Sec. 3. All amendments to be proposed shall be sent to the Executive Director ninety (90) days before the time for the next Annual Meeting of the Society. The Executive Director shall notify the members of the proposed amendments at least thirty (30) days before the meeting. 

ARTICLE XXI - MISCELLANEOUS  

Sec. 1. The fiscal year of the Society shall be the calendar year. 

Sec. 2. All files of the Society shall be confidential, and shall be available only to the Board of Governors and persons authorized by them in writing to examine the same.   
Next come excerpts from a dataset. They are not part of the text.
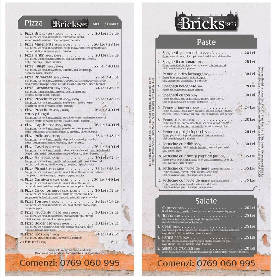Așadar, în galleria foto de mai jos sau pe pagina de Facebook – The Bricks 1903 găsiți meniul berăriei, iar dacă dați un Like rămâneți la curent cu toate evenimentele și ofertele lor, iar cu un telefon la 0769 060 995 puteți comanda și afla în cât timp poate ajunge la voi comanda.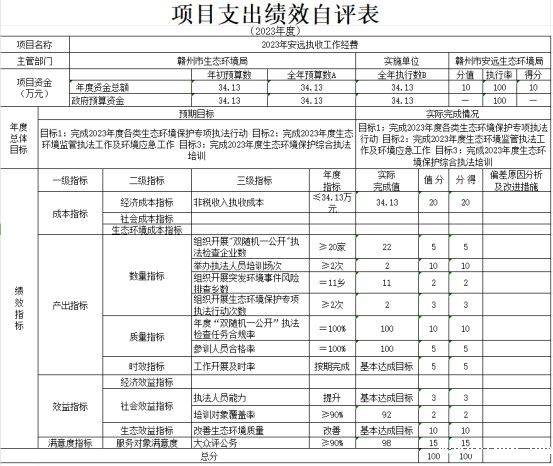 本单位“2023年安远生态环境监测执法经费项目支出绩效自评表”如下: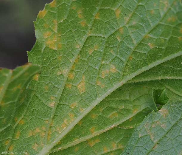 Pseudoperonospora cubensis grows mainly on the leaves of cucurbits. It causes leaf spots more or less wide which may present some common points but also some differences, this depending on the parasitized species and the climatic conditions in particular:

Sec. 3. No member of this Society, other than the President, shall suggest or indicate to anyone that he or she is representing or may speak or act in an official capacity for and on behalf of this Society without written authority from the President or the Executive Committee, provided however that officers of this Society may represent the Society to the extent that these Bylaws so empower them. 

Sec. 4. These Bylaws shall be available to all members of the Society.   

Sec. 5. The rules contained in the current edition of Robert’s Rules of Order (newly revised) shall govern, to the extent practical, the Society at any annual or special meeting of the general membership to which they are applicable and in which they are not inconsistent with these Bylaws and any special rules of order the Society may adopt.